Anyway, the idea I suppose I’m building toward in this post is one that I wrote about in the post Dear (IRL) Friends: Sorry For Being So Absent Lately. I’ve been so overwhelmed as of late and although things are slowly getting better now, it still stresses me out to think that this might be frustrating to my friends. That they might like me less because of my lack of involvement.
And so, the other day, I got to wondering why it is that the Iowa Writers’ House established itself as MY THING that I manage to make time for even when I’m in over my head in pretty much every other area of my life. It’s not that I don’t enjoy Her Campus or cooking club. I LOVE THEM BOTH.
To tell the truth, I think it’s because the IWH has some sort of meeting for at least one if not more of its subgroups each week. There’s always SOMETHING to do, which means I get out of my room and spend time with other people, which usually works to cheer me up.
I think it helps, too, that I know a lot of people there. I’ll admit that this is a self-fulfilling prophecy: If I attended more meetings for Her Campus or cooking club, I’d know more of the people there! But that can seem daunting, and sometimes I’m just not up to the effort.
I’m not actually 100% sure where I’m going with this post now. I mean, it would have been fine if I didn’t have any conclusive ideas about what draws me to the one extracurricular activity that I seem to be capable of sticking with most of the time.
Mostly I was just interested in the fact that you never know what you’ll end up spending most of your time on. I signed up for a bunch of activities at the beginning of freshman year, and a few this year, and over time I have dropped some as I discovered that I either just wasn’t as interested as I had originally thought or didn’t have enough time.
What about you, readers? Can anyone relate?

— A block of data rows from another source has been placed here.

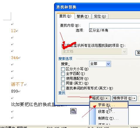 4、再点击“替换为”--格式--字体,设置为白色(也就是页面背景的颜色),这样等于留空效果。
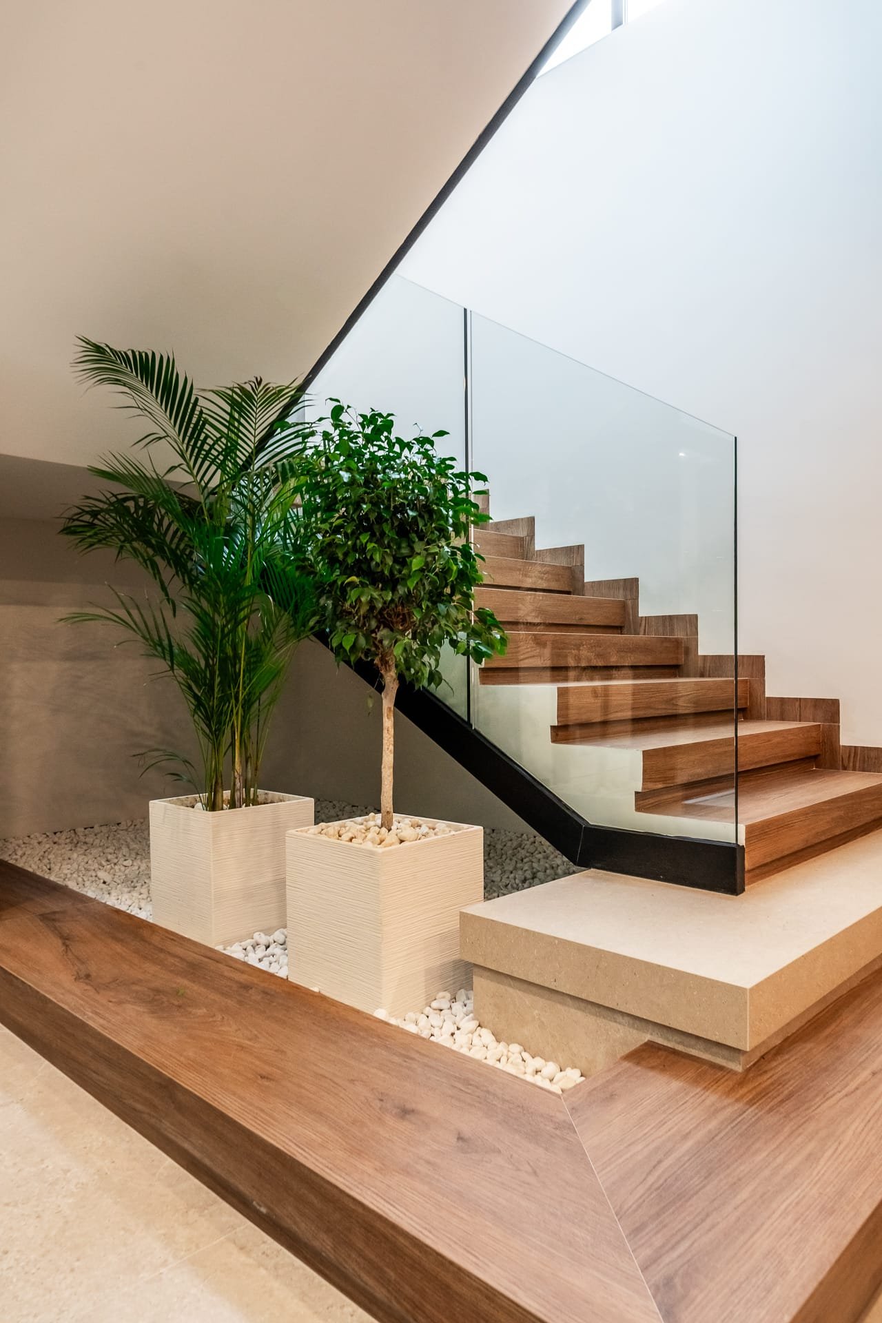 The architectural concept centres around two glass volumes, forming a striking internal courtyard where a mature olive tree creates a calm focal point. This design enhances both flow and natural connection throughout the home.
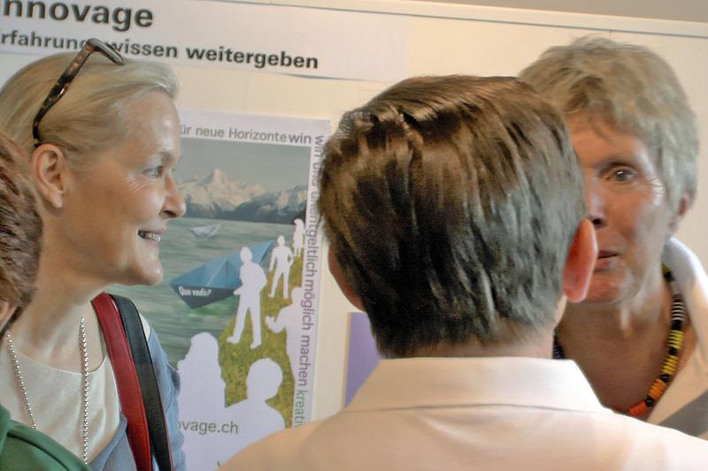 Ein stetes Summen wie in einem Bienenstock begleitet den Besucher durch den mit Ständen flankierten Saal. Der Anlass ist sehr gut besucht. Beigen von Broschüren, Visitenkarten und Infomaterialien warten auf Interessierte. Trauben von meist grauhaarigen Leuten stehen buntgemischt vor den Infotischen und plaudern über Ideen und Projekten ihrer Generation. Die junggebliebenen Sechziger werfen wohl einen „Blick zurück nach vorn“, wie die Einladung verspricht. Am Stand von Innovage fallen die Betreuerinnen und Betreuer vor allem durch ihre weissen T-Shirts auf. Bemerkenswert oft werden sie (Dagmar, Gertrud, Bruno und Josef) in persönliche Gespräche verwickelt – Begegnungen von Interessierten für Interessierte. Hier studiert eine elegant gekleidete Frau den Innovage-Prospekt, da schnappt sich ein graumelierter Herr von der Ablage ein „Tröpsli“ aus dem Körbchen.
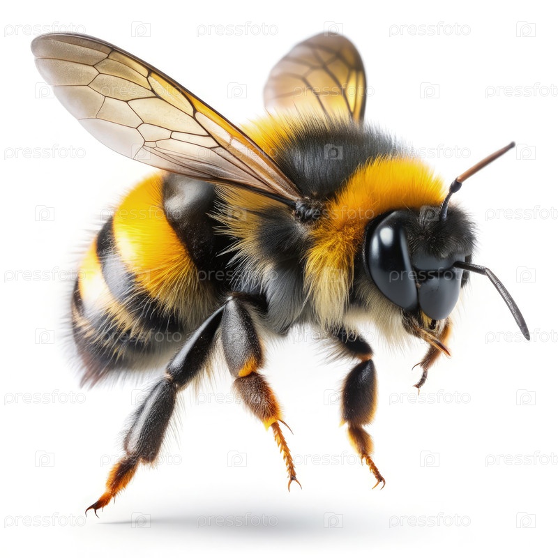 Шмель в полете на белом фоне. генеративный ИИ
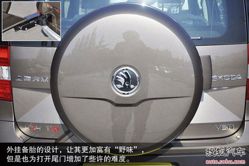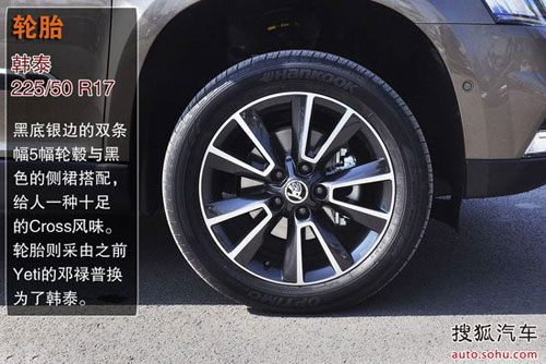 車身側面輪廓并沒有太多改變,只是在一些細節上有所提升,而軸距的加長讓我們可以明顯看出野帝的后門的加長。車頂銀色行李架對于SUV車型來說是一個不可或缺的配置,不求有多少實用性,視覺效果到位了。黑底銀邊的雙條幅5幅輪轂與黑色的側裙搭配,給人一種十足的Cross風味。輪胎尺寸為225/50 R17,輪胎則采由之前Yeti的鄧祿普換為了韓泰。
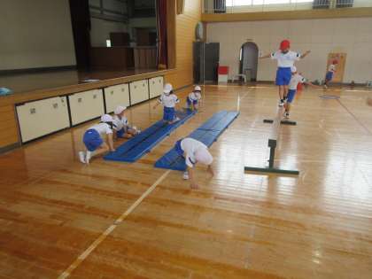 5月20日(金)授業風景〜2校時12年体育〜 公開日 2022/05/20 更新日 2022/05/20 2025できごと 1・2年生の合同体育です。体育館フロアの周囲にいろいろな器具を使った場を用意して、サーキットトレーニングのような活動を行っていました。
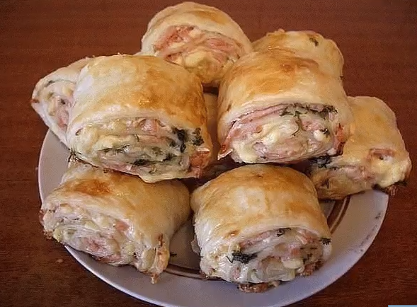 Нарезать на кусочки, смазать яйцом и в духовку выпекать.
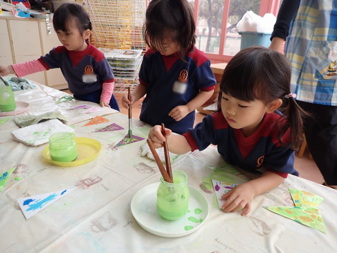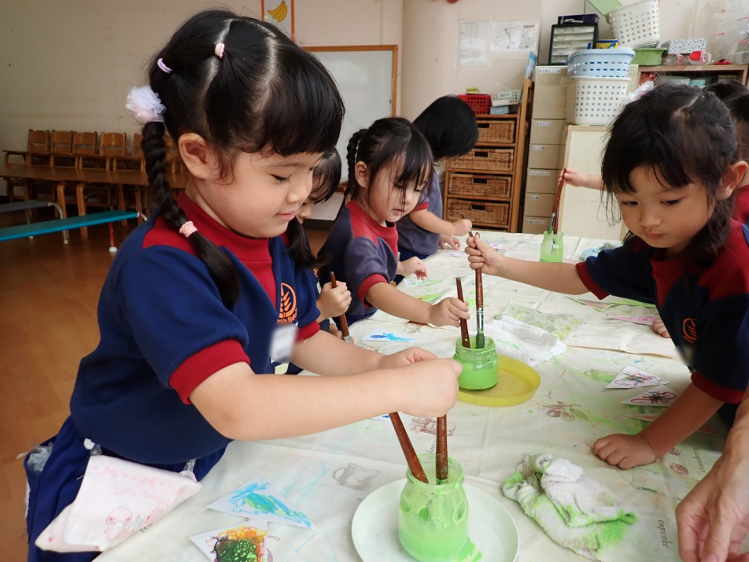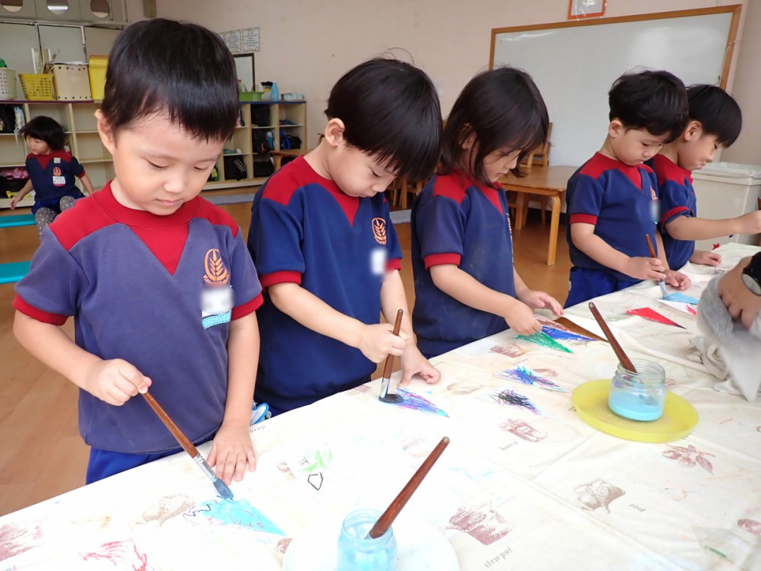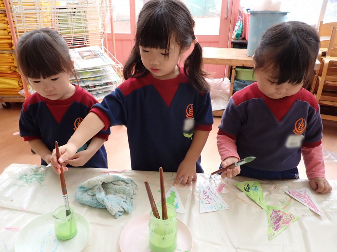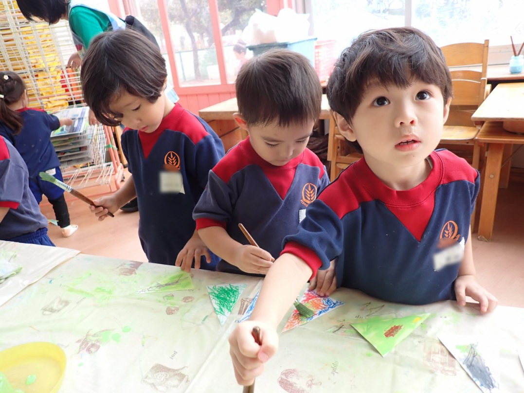 ダンスでかぶる帽子作りにもチャレンジしました。クレパスで絵を描いて、好きな色を塗って作った帽子です。子ども達も楽しんで作る様子が見られましたよ♪

P.S. If you are one of those people who is involved in 67 different things and holds a leadership position in, like, at least a third of them, I applaud you. I’m slightly worried for you, but I applaud you nevertheless. I’m going to live vicariously through all you people who are busy adding activities and skills and leadership roles to your resumes left and right, because god knows I’m certainly not doing that right now. Or ever, really.